The building, erected on the command of Timur the Great – Marlowe’s Tamburlaine – is one of the treasures of Central Asia. Its huge central dome rises forty metres from the desert floor.

Kairat pulled up in an empty car park on the outskirts of the complex. The structure was dun-coloured in the blazing sunlight.

‘This is an odd moment to go sightseeing,’ Nicholas said. I looked at him in surprise: the same thought expressed in an identical form had crossed my mind only fractionally before he uttered it. It was my first instance of a phenomenon that soon grew too commonplace to be noteworthy: the weird echoes between our incestuous subjectivities.

Kairat said he would wait for us, but Vera saw him off with a hefty tip and told him we would make our own way back later. When he had left, she explained that she wanted to change vehicles.

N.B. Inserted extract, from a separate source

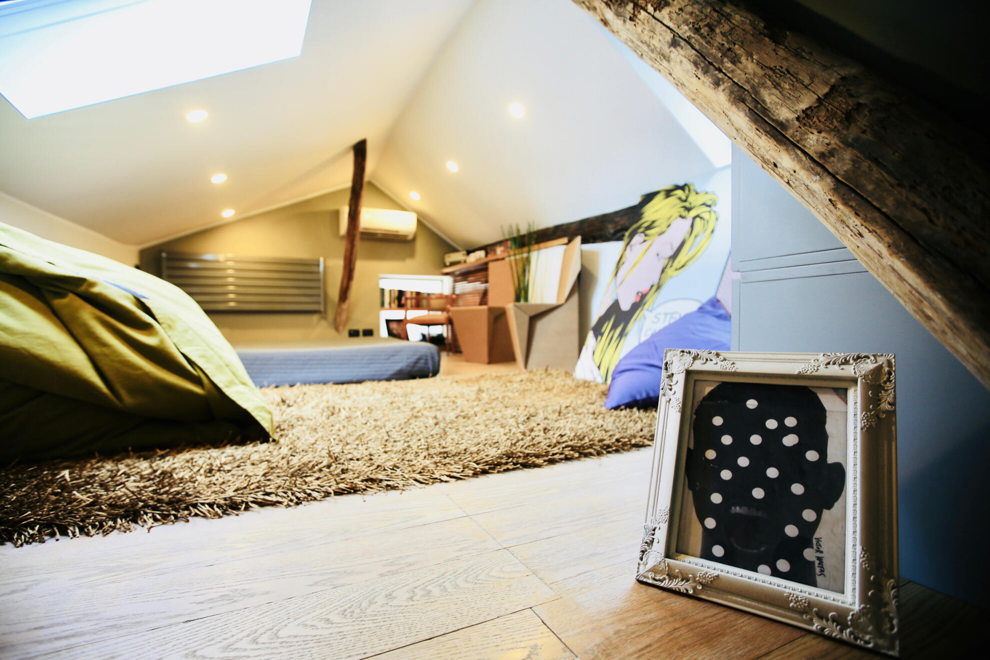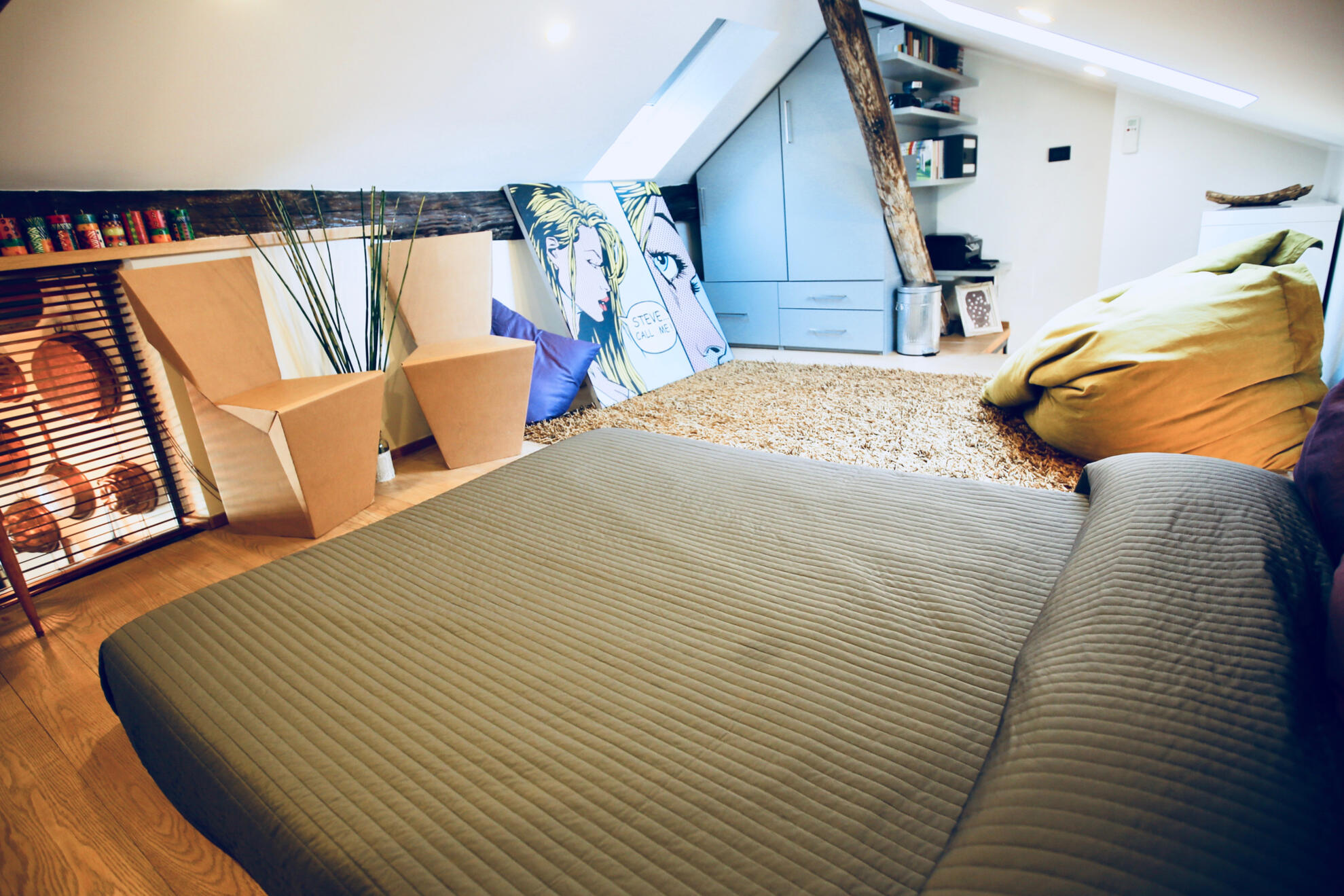 A cozy, light-filled space where design and warmth create a unique retreat.

The chances of our being recognised increased every day we spent with Kairat; she had therefore asked him to take us to the Yassawi mausoleum on the pretext of sightseeing, but in fact so that we could engage the services of a new driver.

‘Since we’re here anyway, does anyone object if I have a look round?’ said Nicholas. I found the constant note of irony in his voice irritating in the extreme. I remembered Leonora’s frequent bouts of hostility towards me, which at the time had seemed so inexplicable. Now I wondered how she had put up with him so long.